This article develops a regional seismic discrimination method using information inherent in phase amplitudes that are unmeasurable due to small signal amplitudes and high noise levels. The method, quadratic negative evidence discrimination (QNED), is an enhancement to the teleseismic techniques proposed by Elvers (1974) and is extended to regional discrimination. The method presented in this article is developed for a single seismic station and makes use of the empirical evidence in the regional P_g versus L_g discriminant (see Pomeroy et al., 1983). We develop the equations necessary to compute the station-specific, missed-explosion, and false-alarm error rates.
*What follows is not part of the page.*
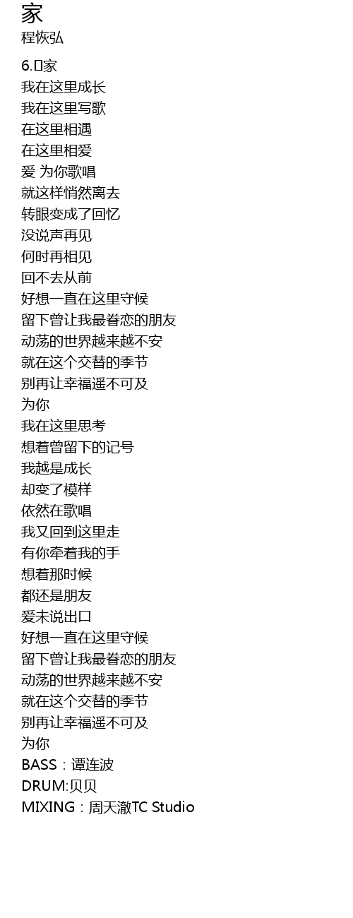 | MIXING:周天澈TC Studio |

These error rates depend on the required minimum signal-to-noise ration (S/N) and can be adjusted, within limits, to desired levels. We also show that these equations are an accurate assessment of the errors in seismic discrimination. We propose that many of the current approaches to assessing seismic discrimination errors are often overly optimistic. For some applications, this disparity can be significant. For an application to Western China regional data [P_g versus L_g (1.5 to 3 hZ)], a widely used estimate of the missed-explosion error rate is 20%, leading to the perception that explosions can be identified with an accuracy rate of 80%. A proper accounting of the missed-explosion error rate, using QNED, shows that explosions can be identified with accuracy rate of only 73%.
机译:本文开发了一种区域地震判别方法,使用了由于信号振幅小和噪声水平高而无法测量的相位振幅固有的信息。二次阴性证据鉴别(QNED)方法是Elvers(1974)提出的远程地震技术的增强,并扩展到了区域鉴别。本文介绍的方法是针对单个地震台站开发的,并利用了在地区P_g与L_g判别中的经验证据(参见Pomeroy等人,1983)。我们开发了必要的方程式,以计算特定于站点的,爆炸失败和误报错误率。这些错误率取决于所需的最小信噪比(S / N),并且可以在限制范围内调整到所需的水平。我们还表明,这些方程式是对地震判别误差的准确评估。我们提出,当前评估地震判别误差的许多方法通常过于乐观。对于某些应用程序,此差异可能很大。对于中国西部地区数据的应用[P_g与L_g(1.5至3 hZ)],广泛使用的漏失错误率估计为20%,这导致人们认为可以以80的准确率识别爆炸。 %。使用QNED正确地计算了爆炸遗漏的错误率,表明可以以73%的准确率识别爆炸。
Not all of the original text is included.